Остров уменьшился до размеров пятна на горизонте, а потом, как-то разом, исчезло и оно, и не осталось ничего, кроме бесконечной ртутно-серой зыби и рдеющего края восточной части неба. Несколько пассажиров – уезжающие отпускники и рабочие, совершающие ежедневные поездки на Хаттерас, – оставили машины и поднялись на второй уровень. Джентльмен в стоявшем передо мной «Шевроле Трейлблейзере» перебрался на заднее сиденье и лег отдохнуть. Я сидел, слушая стук ледяной крупы.
Боль от ожогов не унималась.
Никаких передвижений на моей стороне палубы не наблюдалось.
Я открыл дверцу, вышел на холод, и крохотные льдинки ударили мне по лицу.
Пройдя к тыльной стороне надстройки, я притаился у лестницы, которая вела к смотровому салону и рубке.
На другой стороне стояли вдоль поручня три автомобиля: «Хонда», «Кадиллак» и старый пикап «Додж» цвета цинкового пенни, за исключением ржавых голубых дверей.

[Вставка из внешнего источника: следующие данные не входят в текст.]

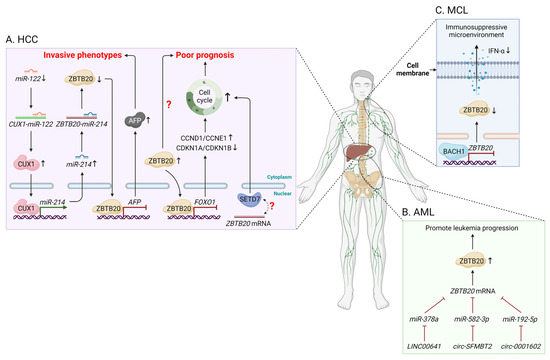In contrast to mice, ZBTB20 has also been implicated in the reactivation of AFP in human HCC cells via a microRNA (miR)-122-mediated regulatory axis, in which ZBTB20 acts as a negative regulator of invasive phenotypes [83] (Figure 3A). Conversely, other studies revealed the increased ZBTB20 expression as an independent marker for poor prognosis in patients with HCC [84,85]; however, it remains unclear how increased ZBTB20 expression affects prognosis. One mechanism is that ZBTB20 promotes cell cycle progression via suppressing forkhead box O1 (FOXO1), which in turn leads to the upregulation of cyclin D1 and cyclin E1 as well as the downregulation of cyclin-dependent kinase inhibitor 1A (CDKN1A) and CDKN1B [85]. ZBTB20 also participates in human HCC development and progression via correlation with SET domain-containing 7 (SETD7), a histone lysine methyltransferase involved in inflammation, metabolism, and oncogenesis [86]. On the other hand, ZBTB20-mediated regulation represents an important mechanism responsible for infection-associated HCC. For example, depletion of ZBTB20 in Huh7 human hepatocytes increases the percentage of hepatitis C virus (HCV)-infected cells and HCV production, indicating that ZBTB20 suppresses HCV infection [75], whereas in HCC patients with chronic infection of hepatitis B virus (HBV), HBV DNA integrates into ZBTB20, which is upregulated in tumor tissues and associated with HBV integration frequency [87]. These findings imply distinct ZBTB20-mediated regulation in human HCC caused by different hepatitis viruses, a topic that requires further exploration.

Кайтов в грузовичке не было.
Я посмотрел вверх.
Они стояли на носу, спиной ко мне, лицом на север, в сторону протоки Хаттерас. Руфус, седые волосы которого трепетали на ветру, как змеи-альбиносы, указывал на запад.
Других пассажиров, кроме меня и Кайтов, на палубе не было.
Я скрытно прокрался к стоявшей за пикапом темно-синей «Хонде» и притаился за бампером. В зеркале заднего вида мелькнуло отражение спящего за рулем водителя. Я протиснулся между «Хондой» и поручнем и добрался наконец до последней в тройке машины, «Кадиллака», пассажиры которого ушли в салон. Здесь я позволил себе короткую передышку и, заглянув под седан, увидел три пары ног. Я прислонился к заднему бамперу – передохнуть. Потом прокрался дальше.
Рваная, обожженная одежда – не лучшая защита от пронизывающего холода, и, добравшись до грузовичка Кайтов, я уже трясся от холода.
Задний борт пикапа был закрыт, а платформа пряталась под синим брезентом.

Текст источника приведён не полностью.